----- Provided data

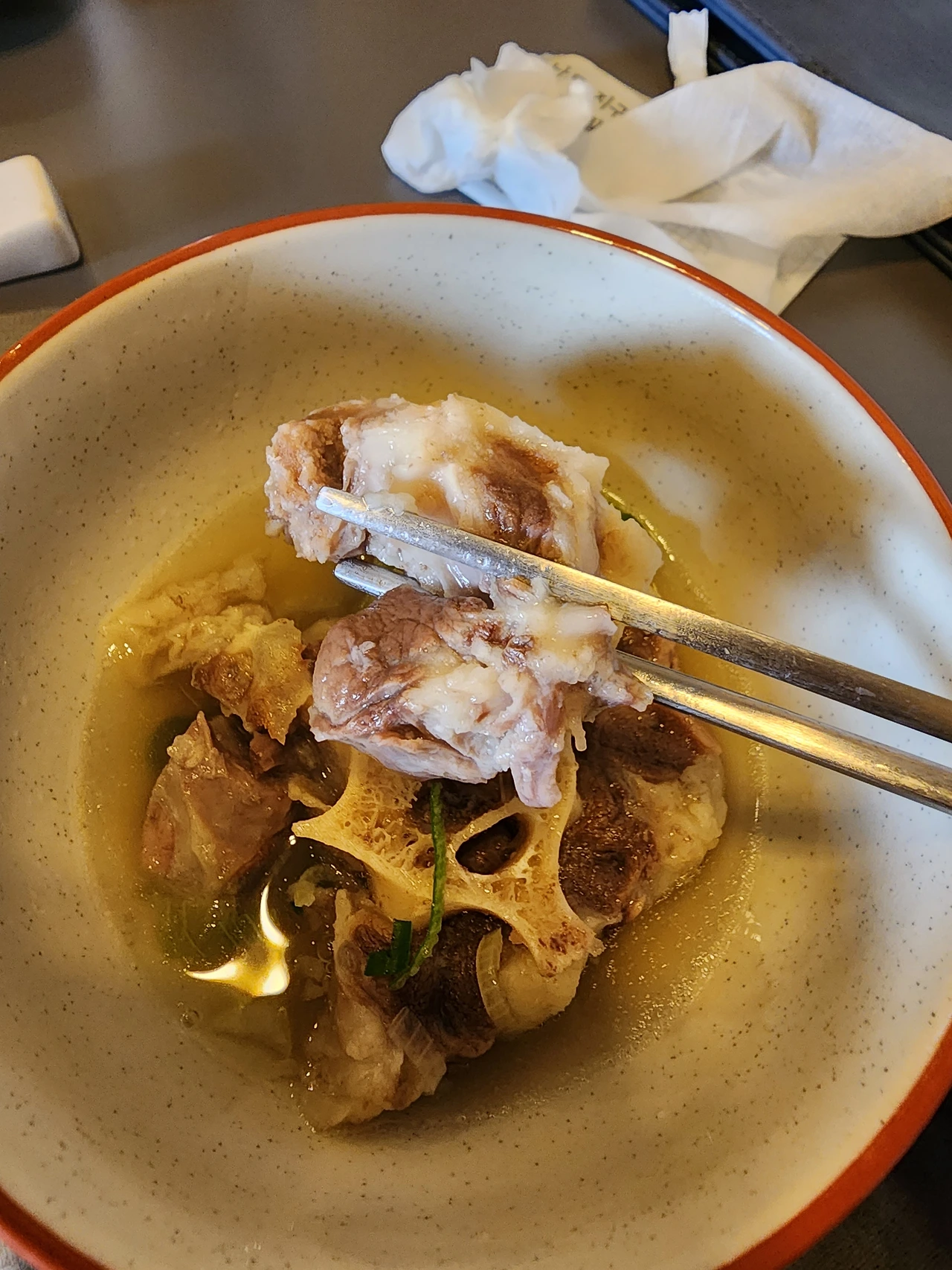 일단 반짝거리는 놋수저를 들어서 꼬리곰탕 국물을 두어 번 떠서 먹어본다.
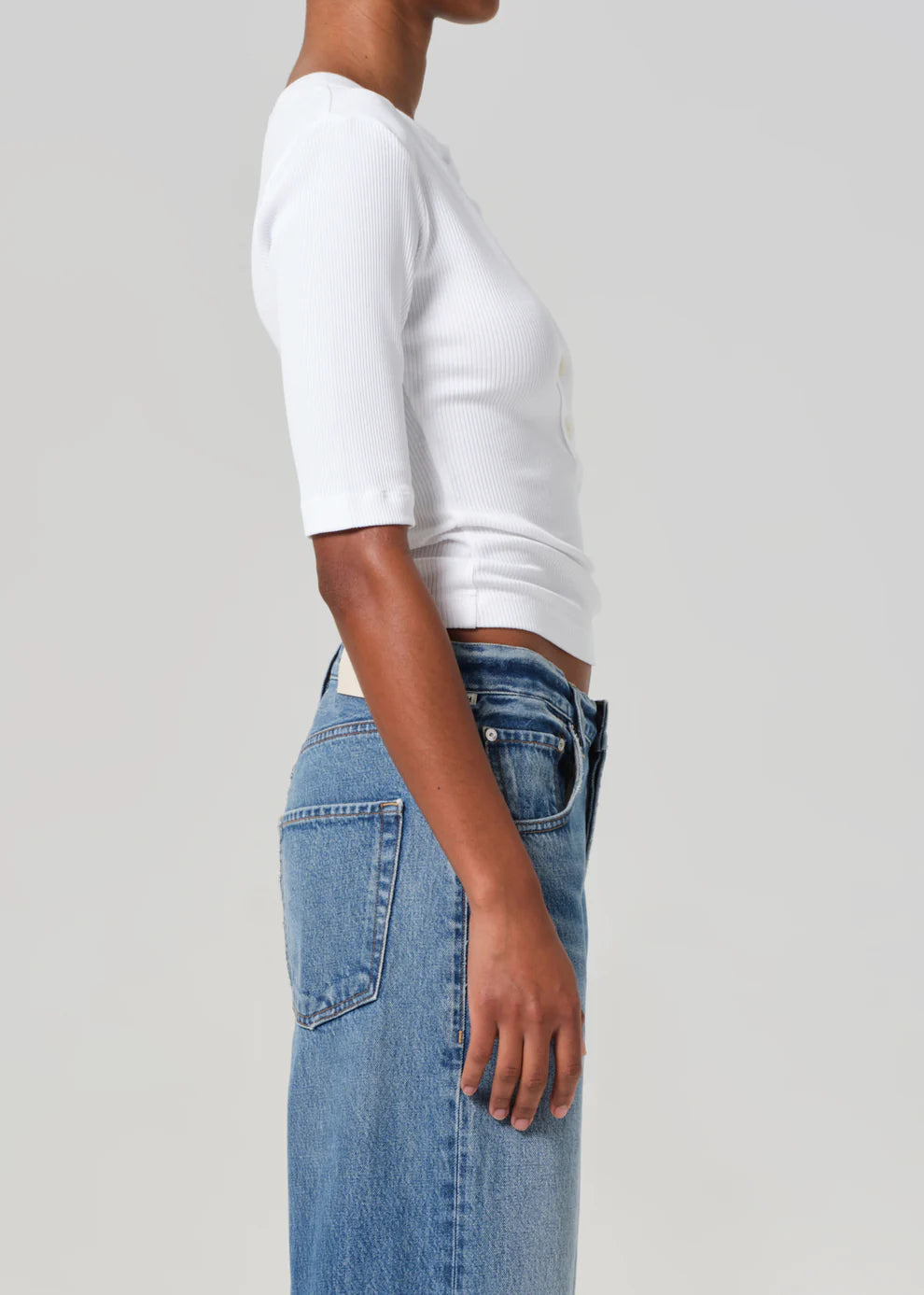 Crafted from ultra-soft ribbed organic cotton, this medium grey 3/4 sleeve henley offers a flattering, form-fitting silhouette that can be worn fully buttoned for a polished look or left undone for a more relaxed vibe. Designed for everyday ease and comfort, this versatile piece fits true to size.
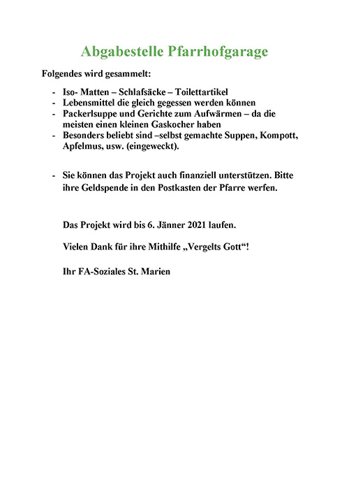 Es ist jedoch eine Sammlung organisiert. Gerne werden die benötigten Materialien laut der im Anhang befindlichen Liste in der Pfarrhofgarage gesammelt.

----------

Your output must reproduce the material above in full, with no pictures.

(Solution for this problem)
 일단 반짝거리는 놋수저를 들어서 꼬리곰탕 국물을 두어 번 떠서 먹어본다.
 Crafted from ultra-soft ribbed organic cotton, this medium grey 3/4 sleeve henley offers a flattering, form-fitting silhouette that can be worn fully buttoned for a polished look or left undone for a more relaxed vibe. Designed for everyday ease and comfort, this versatile piece fits true to size.
 Es ist jedoch eine Sammlung organisiert. Gerne werden die benötigten Materialien laut der im Anhang befindlichen Liste in der Pfarrhofgarage gesammelt.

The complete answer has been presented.